NSW fails on pest control: Time to let hunters help
Posted on 23 December 2011 by Content Manager
State of the Environment reports show how pest control is failing and why it needs the aid of hunters, yet the Shooters and Fishers Party is still fighting against blinkered politics that will not consider a cost-efficient and effective contribution to the problem.
NSW needs more resources to tackle a growing problem, yet this state’s government is ignoring the tested and proven role Conservation Hunters can play. They have played it successfully since 2006 in our State Forests.
Pest control in every state of Australia is not working, according to the 2011 Australian SOE report, which says “every recent state and territory report has ... recognised that measures taken in the previous reporting period have not achieved their objectives of slowing or reversing drivers of biodiversity decline.”
It also says, “invasive species form the second most pervasive threat to native vegetation, affecting 90% of all classes, an increase from 75% in 2006.”

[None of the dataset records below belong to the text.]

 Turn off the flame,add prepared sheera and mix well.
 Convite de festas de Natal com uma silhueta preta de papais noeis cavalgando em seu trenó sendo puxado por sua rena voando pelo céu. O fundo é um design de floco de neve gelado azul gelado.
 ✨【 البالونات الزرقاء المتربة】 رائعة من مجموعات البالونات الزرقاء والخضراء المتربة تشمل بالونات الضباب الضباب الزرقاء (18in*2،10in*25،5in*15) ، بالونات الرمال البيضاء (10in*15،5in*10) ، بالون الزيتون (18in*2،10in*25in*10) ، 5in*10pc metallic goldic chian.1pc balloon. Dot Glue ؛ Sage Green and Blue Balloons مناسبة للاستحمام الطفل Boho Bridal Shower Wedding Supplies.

Let’s look at how NSW is faring now. The 2009 NSW SOE report tells us:
- - 2.3 million hectares of National Park land is affected by pests
- - The intensive control of invasive species that is necessary to improve the condition of flora and fauna is largely limited to some conservation reserves (only some!)
- - The main vertebrate pests found in NSW are now widespread across the state; no part of NSW is unaffected by the main pest animal species
- - And this crucial point: “It is clear … that the scale of the task of controlling the impacts of widespread invasive species vastly exceeds the resources available”

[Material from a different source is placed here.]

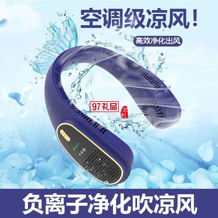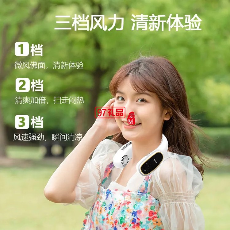 四核無(wú)葉風(fēng)扇強(qiáng)力渦輪降溫懶人便攜式頭戴小電扇定制公司廣告禮品

The SOE reports provide damning evidence of neglect and inefficiency by the NSW Government in controlling feral pests in National Parks.
Meanwhile, Conservation Hunters have removed an estimated 660,000 feral and game animals from State Forests and private land in NSW since 2006.
Conservation Hunters have brought direct and indirect benefits of over $50 million to the state.
Conservation Hunters do all this at their own expense, providing a free service to the taxpayers and environment of NSW.
The NSW Government must let licensed Conservation Hunters operate in National Parks and consider hunting as an integral part of the Regional Pest Management Strategies currently being examined by the National Parks and Wildlife Service.